The United States Capitol Building in Washington, Sunday, June 29, 2025 (Photo: Jennifer Shutt/States Newsroom)
WASHINGTON – The nonpartisan Congressional Budget Office announced Thursday that if lawmakers permanently extend increased tax credits for some people who buy health insurance through the Affordable Care Act Marketplace, it would cost the government $350 billion over 10 years and escalate the number of people with health insurance by 3.8 million.
14 pages letter from CBO Director Phillip L. Swagel to congressional leaders projected that expanding the increased tax credits would reduce the average gross premium cost for benchmark plans by 7.6%.
“The estimated decline in benchmark premiums is driven by expectations that marketplace enrollees would, on average, be healthier if the expanded premium tax credit were extended,” Swagel wrote.
Non-partisan research organization KFF – he writes on his website “The premium tax credit limits an individual’s contribution to the premium of a ‘benchmark’ plan, the second cheapest silver plan in their market.”
Action by Congress to extend the increased tax credits before the end of September, Swagel wrote, would lead to a 2.4% decline in premiums in 2026 compared to previous projections.

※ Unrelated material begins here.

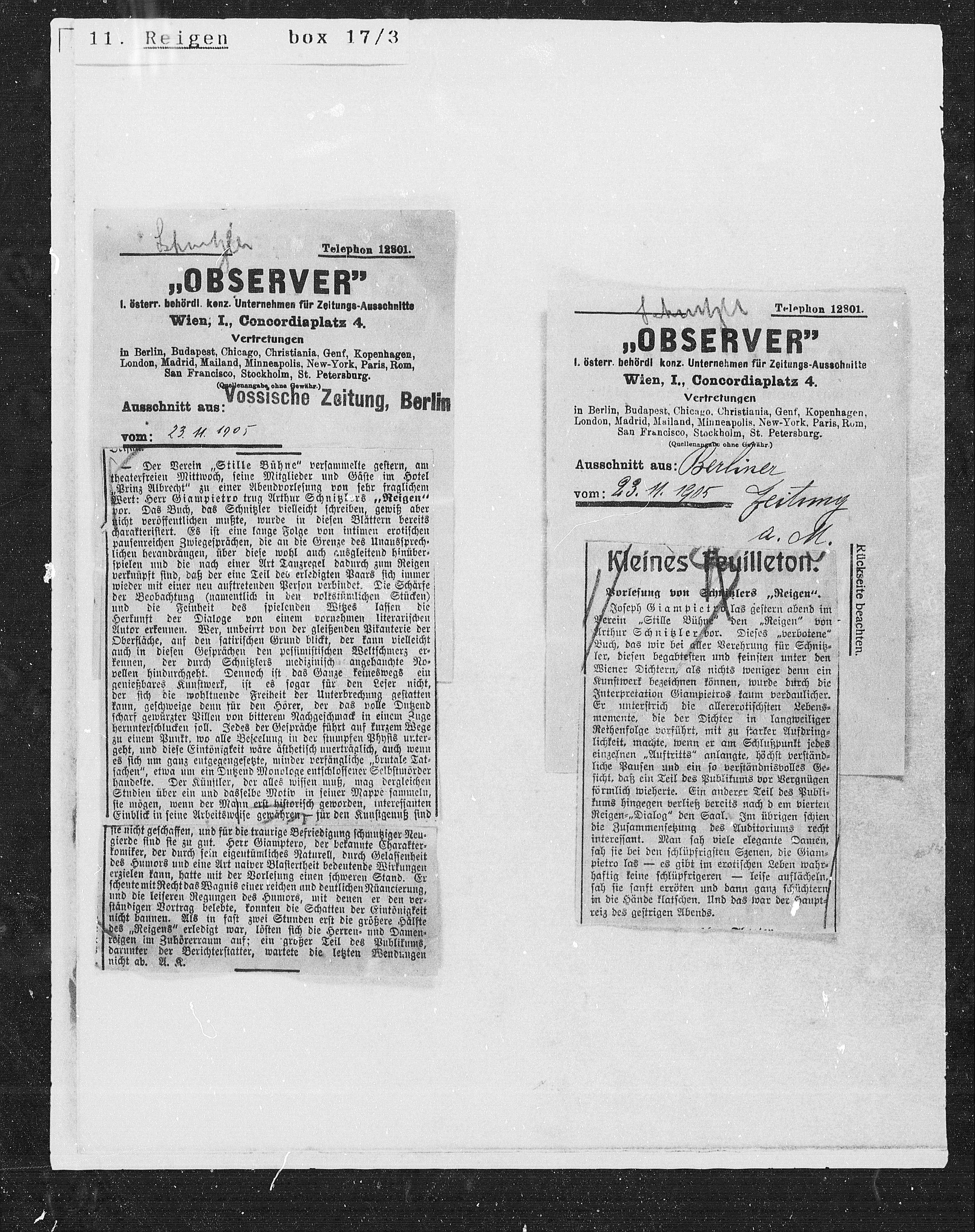 I. österr. behördl konz. Unternehmen für Zeitungs-Aussohnitte

Increased premium tax breaks introduced by Democrats in 2021 as part of the massive COVID-19 relief package were extended into 2022 under the Inflation Reduction Act. They are scheduled to expire at the end of 2025.

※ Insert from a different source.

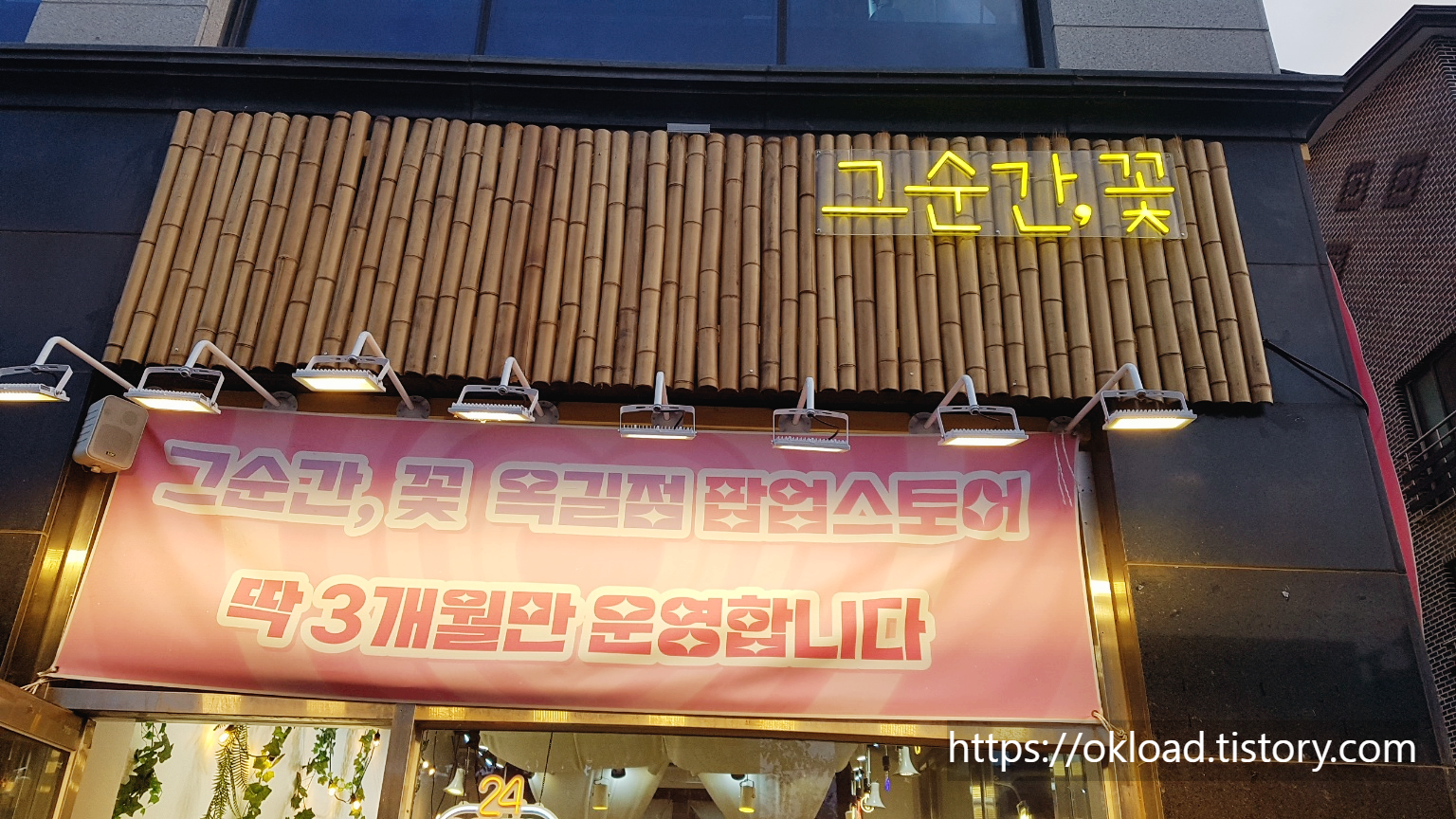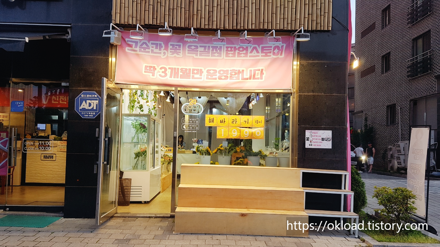 꽃집 간판 위에 '딱 3개월만 운영합니다'라는 현수막이 걸려있는데, 이미 3개월은 지난 것으로 보인다.

Extension at the end of the year
The legislator’s action to extend tax breaks later in the year affects CBO’s forecasts in two ways.
“First, CBO estimates that the likelihood that gross premiums for 2026 will be adjusted downward will decline to zero once open enrollment begins,” Swagel wrote, adding that the start date is November 1 in most markets.
“Second, the estimates would reflect a lower likelihood that enrollees will see net premiums that include an expanded credit structure when selecting a marketplace plan (net premium is the premium amount after taking into account the tax credit),” Swagel wrote. “CBO estimates that an effective date later than September 30 would result in lower costs to the federal government and smaller increases in admissions in 2026 than those presented here.”
This is essential because tax breaks have been linked debates on Capitol Hill on how to fund the government for several months while lawmakers try to finish work on year-long spending bills.
While talks on health policy and the stop-gap spending bill have traditionally been separate, concerns about skyrocketing prices during the open enrollment period have brought the issues together ahead of the Oct. 1 school closure deadline.
Time is key Democrats saybecause the open enrollment period begins on November 1, well before points expire.
Speaker Mike Johnson, R-La., he said earlier this week sees negotiations on increased tax credits as “a December issue, not a September funding issue,” regardless of the open enrollment schedule.
Republicans, Democrats at odds
Senate Budget Committee ranking member Jeff Merkley, R-Ore., wrote in a statement that the CBO letter shows that “Republicans in Congress are increasing costs for working families.
“This includes a huge increase in health care costs due to the cutting of tax credits that so many families rely on. It’s disgraceful and only makes it harder for families to make ends meet. It’s just more losses for their families, and the billionaires win the program.”
Independent Vermont Senator Bernie Sanders, ranking member of the Health, Education, Labor and Pensions Committee, wrote that “Americans already pay by far the highest prices in the world for health care. And it will get much worse.”
“Thanks to the massive health care cuts in Trump’s ‘big beautiful bill,’ health insurance premiums will increase by an average of 75% for 20 million Americans — all so Republicans can provide massive tax breaks to billionaires and large corporations. Working class Americans can’t afford this. These cuts must be repealed.”
House Budget Committee Chairman Jodey Arrington, R-Texas, urged his party not to extend increased tax breaks in and he-ed published in the Washington Examiner on Thursday morning before the CBO letter was published.
“Even though Democrats had planned for the temporary Covid-19 measures to expire this year, they now want to not only extend them, they want to make them permanent,” Arrington wrote. “The truth is that even after the Biden Covid-19 relief expires, low- and moderate-income families will continue to have access to affordable insurance. Traditional Obamacare tax credits will work as intended.”